Chicago Skyscrapers 1871–1934
By Thomas Leslie
University of Illinois Press, $40

The steel-and-glass giants that populate Chicago’s storied skyline have long been synonymous with giants of the architectural world. Our collective conscience, for the most part, recalls a litany of revered one-name wonders—Sullivan, Burnham, Holabird and Roche—whom we credit with delivering our soaring structural legacy to us on a neatly drafted platter. But, of course, the evolution of Chicago skyscrapers wasn’t nearly so simple.

The penchant for building skyward in the late 19th and early 20th centuries was the result not only of innovative designers, but of strong currents of technological, economic, and social change. It seems a pretty obvious and practical thesis. But as Iowa State architecture professor Thomas Leslie demonstrates in his exhaustive new historical survey, Chicago Skyscrapers 1871–1934, it is actually a fact that has been traditionally left under-examined with the most influential authorities preferring instead to focus on the larger-than-life visionaries behind the buildings. Accordingly, Leslie’s study looks to fill in the holes his predecessors, like scholar Carl Condit, left gaping—from reconstruction following the Great Fire of 1871 to the Great Depression of the 1930s.

   

It is a meticulous effort. Leslie fills his deceptively dense pages with the reverberating impact developments like iron-reinforced skeletal framing, increasingly efficient elevators, electric lighting, fireproofing, and a volatile economy had on the city architecturally. Iconic structures from Burnham & Root’s 1882 Montauk Block to Howells and Hood’s gothic 1925 Tribune Tower sprang forth in a trial-and-error manner, Leslie shows, as the building climate, available materials, and current technological advances aligned. When massive brick skyscrapers, for example, gave way to hybrids of skeletal metal and brick, as in Holabird & Roche’s 1889 Tacoma building, the Tribune reported that Chicagoans had “an idea that it is a mere shell set up on pins, and that if two wide-awake blizzards should ever happen to meet in Chicago it would come down with a great flop from its high perch.” That led the architects to create more substantive-looking buildings for their next projects. Illustrative instances like this are numerous in the book, likely too numerous for a casual reader, but they accomplish the author’s goal of presenting a nuanced and collaborative Chicago architectural environment throughout these crucial decades.
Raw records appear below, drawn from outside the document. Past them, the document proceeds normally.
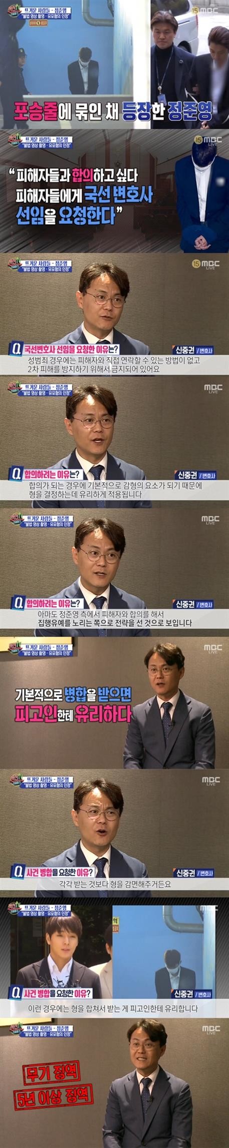 정준영이 합의하려는 이유에 대해 "합의가 되는 경우에 기본적으로 감형의 요소가 되기 때문에 형을 결정하는 데 유리하게 적용된다"면서 "피해자와 합의된 경우에는 초범이거나 가중 사유가 없는 경우에는 집행유예로 석방되는 경우가 많다"고 말했다. 그러면서 "정준영 측에서도 전략을 피해자와 합의를 해서 집행유예를 노리는 쪽으로 전략을 삼은 것으로 보인다"고 의견을 전했다.
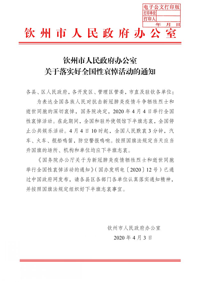 關(guān)于落實好全國性哀悼活動的通知
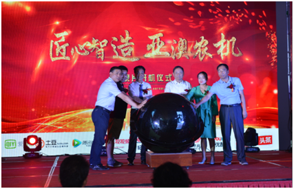 7月11日上午,CCTV發(fā)現(xiàn)之旅《匠心智造》欄目亞澳農(nóng)機(jī)開機(jī)儀式隆重舉行。匠心欄目組監(jiān)制李會晴、導(dǎo)演張軍賢、中國農(nóng)業(yè)機(jī)械化協(xié)會劉憲會長、中國農(nóng)機(jī)工業(yè)協(xié)會劉偉華副秘書長、農(nóng)業(yè)部農(nóng)機(jī)推廣總站劉司法處長、中國農(nóng)機(jī)流通協(xié)會馬錚處長、中國農(nóng)機(jī)安全報社王建鵬副社長、陜西省農(nóng)業(yè)機(jī)械化管理局上官永副局長、甘肅省農(nóng)業(yè)機(jī)械質(zhì)量管理總站張恩貴站長、山西省農(nóng)機(jī)推廣站張玉峰站長、陜西省農(nóng)業(yè)機(jī)械鑒定站王延宏站長、陜西省農(nóng)業(yè)機(jī)械研究所賀功民所長、戶縣人民政府毛安副縣長、西安灃京工業(yè)園黨工委楊波書記、西安亞澳農(nóng)機(jī)股份有限公司董事長史可器、總經(jīng)理史森強(qiáng)及各地經(jīng)銷商、給供應(yīng)商等300余人參加開機(jī)儀式.

Leslie’s thorough and well-cited work, however, gets problematic in places where solid arguments are diluted with excessive supporting detail. Chapters, organized by periods of development, which might have been sharp and concise feel tedious when weighed down with long lists of building names and surface level details as opposed to deeper analysis of a handful of projects per topic. The detours taken from anchor example A to anchor example B, while indeed illustrative of Leslie’s points, make for a tiresome and unfortunately less effective journey.

While parts of the book could benefit from some streamlining, as a whole, Leslie presents a fascinating story, fleshed out by diagrams and historic photographs of a startling number of demolished-too-soon buildings that paved the way for the strong and eclectic skyline we know today. Chicago architects, Leslie writes, “changed their design approaches both incrementally and radically as improvements were tested and proven, and they were agile in adapting their sense of style to new materials or techniques.” What emerged, and what Leslie offers here, was an approach “whose influence spread globally as a conceptual and aesthetic ideal.”